Hammer out a winning strategy in chrome and ironclad board game Corrosion
Slag on, slag off.
Grab some welding gloves and big ol’ wrench, and take a shift in Corrosion, a newly announced board game that has players literally building engines on their sweaty path to victory.
Publisher Capstone Games announced the upcoming board game on August 13th as the result of a partnership with Berlin-based Deep Print Games. One to four players take on the role of lead engineers in a sprawling factory, all attempting to construct the most elaborate and efficient machines in order to amass more victory points than their competitors.
As lead engineers, each individual will use their turn to direct their cadre of toolbelt-toting employees to carry out the necessary tasks to build quick and dirty machines or begin the arduous task of assembling more durable chrome engines. Everything is powered by steam in this workshop, and managing the water-filled boiler is a critical task for making the most any one turn.

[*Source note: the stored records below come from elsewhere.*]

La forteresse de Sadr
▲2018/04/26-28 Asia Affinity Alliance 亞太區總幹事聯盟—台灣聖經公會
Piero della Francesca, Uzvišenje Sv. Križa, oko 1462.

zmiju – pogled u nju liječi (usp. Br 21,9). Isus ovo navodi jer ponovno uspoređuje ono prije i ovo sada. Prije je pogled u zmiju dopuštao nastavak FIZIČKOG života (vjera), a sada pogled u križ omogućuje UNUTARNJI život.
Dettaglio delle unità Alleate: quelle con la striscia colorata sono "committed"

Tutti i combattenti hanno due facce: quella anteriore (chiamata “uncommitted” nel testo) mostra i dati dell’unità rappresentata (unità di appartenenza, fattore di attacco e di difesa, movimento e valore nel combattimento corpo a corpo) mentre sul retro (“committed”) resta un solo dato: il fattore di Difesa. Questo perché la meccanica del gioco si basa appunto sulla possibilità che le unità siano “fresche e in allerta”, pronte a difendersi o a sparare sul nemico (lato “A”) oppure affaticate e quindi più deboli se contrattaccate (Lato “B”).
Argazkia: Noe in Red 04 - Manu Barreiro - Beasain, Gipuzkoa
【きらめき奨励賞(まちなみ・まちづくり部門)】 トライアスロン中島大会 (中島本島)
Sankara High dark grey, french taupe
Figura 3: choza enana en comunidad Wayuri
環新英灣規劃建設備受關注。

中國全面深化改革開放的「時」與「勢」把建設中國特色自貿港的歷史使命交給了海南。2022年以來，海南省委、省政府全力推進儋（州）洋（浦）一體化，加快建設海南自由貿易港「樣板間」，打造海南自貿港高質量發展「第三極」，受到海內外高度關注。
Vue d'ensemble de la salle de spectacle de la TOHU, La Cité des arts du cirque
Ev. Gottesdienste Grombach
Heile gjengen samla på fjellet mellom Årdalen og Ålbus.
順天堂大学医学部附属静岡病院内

Key to getting any work accomplished is staffing the factory floor with bodies, which are represented by a hand of cards with a number value and one of four suits, plus a wildcard version. On their turn, players assign these cards to specific slots on the board and carry out the task displayed in their text, but this also gives opponents a chance to deploy matching engineers from their own hand with a higher value and copy their benefit.
Once the engineers collect enough gears and the boiler has been prepped, the work of building machines can begin. Corrosion provides a few different types that activate in various ways, allowing each player to formulate a strategy as the turns progress. Their machines will activate one the central wheel spins around to a certain zone, but all but the most hardy, chrome-fitted instruments will rust away to nothing once they finish their task.

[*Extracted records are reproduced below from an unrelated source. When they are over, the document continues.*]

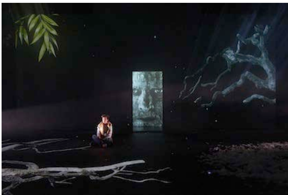
Dormir cent ans
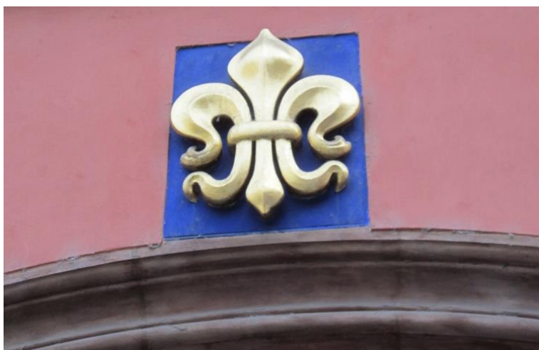
Obrázek 14 – Dům U zlaté lilie - Malé náměstí 12/458, Staré Město
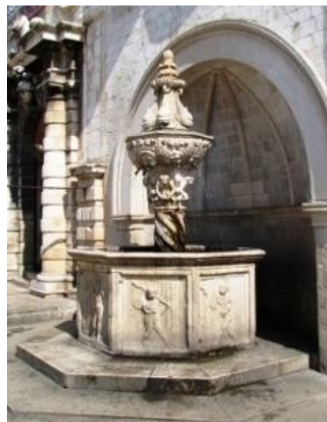
An der Stadtwache spazieren wir auch am kleinen Onofribrunnen vorbei.
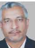
علی رازعی/ دریا
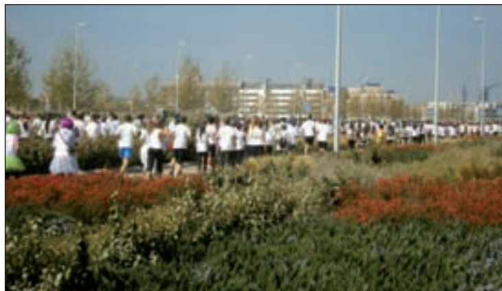
Participantes de la pasada edición de la Holi Run en Madrid

Para competir o para pasárselo bien, con fines solidarios o buscando la mera diversión. El completo calendario de carreras que atañe a la capital de España ofrece este domingo dos pruebas muy diferentes entre sí. Por un lado, la Carrera en Marcha contra el Cáncer se presenta ante los aficionados con el objetivo de "promover la mayor participación ciudadana en un evento solidario, uniendo a voluntarios, socios, pacientes, familiares, entidades, instituciones y a toda la sociedad civil,
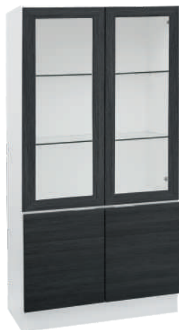
OSA 28 Vitriini L 80 K 152 S 39 1 puuhylly, 2 lasihyllyä
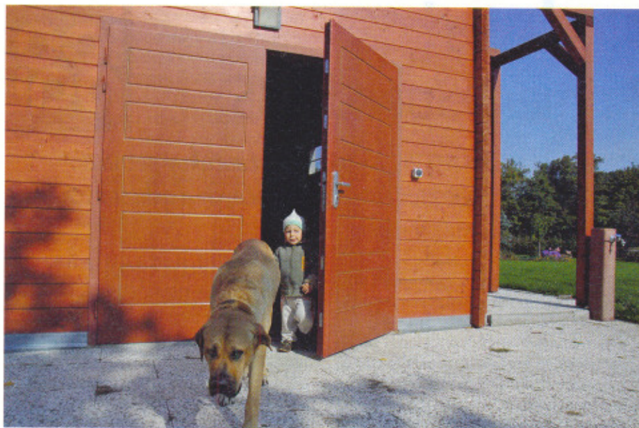
Veľké dvojkrídlové bezpečnostné dvere môžu bezpečne uzavrieť aj garáž na menšie auto. (ADLO – Bezpečnostné dvere)
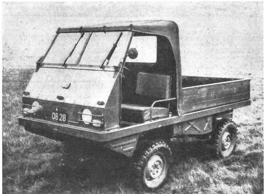
Gegenwärtig werden in unserer Armee zwei neue Gefechtsfeld-Fahrzeuge erprobt. Unser Bild zeigt das Fahrzeug der österreichischen Firmen Steyr-Puch. Es ist ausgerüstet mit einem Zweizylinder-Boxermotor von 22 PS und einem Fünfganggetriebe. Dieses Fahrzeug mit vier Sitzplätzen, wovon zwei versenkt werden können, kann auch für den zivilen Bedarf verwendet werden.
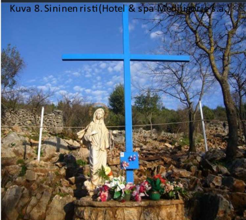
Kuva 8. Sininen risti (Hotel & spa Medjugorje s.a.)
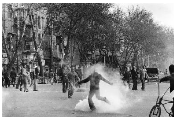
تصویر ۱۰- عکس از مجموعه انقلاب

و رابرت فرانک ۱ با کتاب «آمریکایی‌ها» از برجسته‌ترین عکاسان این دوره بودند (Haworth-Booth, 2003; Greenough & Alexander, 2009). در فرانسه، عکاسان نظیر روبرت دوینزو و ویلی رونیس و در انگلستان، راجر ماین و دایدو موریاما از جمله چهره‌های برجسته‌ای بودند که زندگی روزمره مردم را به تصویر کشیدند (Hamilton, 2001; Vestberg, 2011). در دهه‌های ۱۹۶۰، عکاسی خیابانی در ایالات متحده با آثار گری وینوگراد رونق یافت (Dyer, 2016; Mitchell, 2012). در دهه‌های ۱۹۸۰، ۱۹۹۰ و ۲۰۰۰، عکاسی خیابانی با ظهور تلفن‌های هوشمند و رسانه‌های اجتماعی مانند اینستاگرام و توییتر تحولات بسیاری را تجربه کرد (Hostetler, 2014; Cromer, 2019). در ایران، عکاسی خیابانی با دوران قاجار آغاز شد و در دهه‌های بعد به شکوفایی رسید (خدادادی مترجم زاده، ۱۳۹۱). کاوه گلستان با ثبت تصاویر خیابانی از دوران انقلاب اسلامی و جنگ تحمیلی از چهره‌های برجسته این ژانر است. آثار وی تصاویری واقعی و تأثیرگذار از زندگی مردم را به نمایش گذاشت. در دهه‌های اخیر، نیوشا توکلین و عباس عطار نیز به عکاسی خیابانی پرداخته و نگاهی جدید به زندگی شهری و فرهنگ ایران ارائه داده‌اند (رجبی نژاد مقدم پاکباده و روحانی، ۱۴۰۱).

Thus, deciding when to spend resources on quick turnarounds and when to invest in the expensive but durable chrome engines will likely be a deciding factor for who comes out on top. There’s a lot to keep track of among one turn’s two main phases and two maintenance phases: how much steam is in the boiler, where and when your machines will go off, how long until they all corrode and disappear, when to spend the green points you need both for final scoring but also to power certain pivotal actions, etc. It seems as though Corrosion is explicitly evoking a grand system of pulleys, knobs, pipes and pistons on the tabletop.
Corrosion was designed by Stefan Bauer a mathematician-turned-designer and is his first published credit. The artwork for the game are provided by illustrator Dennis Lohausen. Capstone is responsible for the well-known fantasy game of factional territory control (and one of Dicebreaker's best fantasy baord games), Terra Mystica, along with its sci-fi followup Gaia Project. Deep Print Games most recently handled 2020’s Renature, which say players using dominoes to exert influence over swaths of a forest.
Corrosion is currently available for pre-order through Capstone’s website and costs $59.95 (£43). The company said to expect it to ship and hit retail locations sometime in November of this year.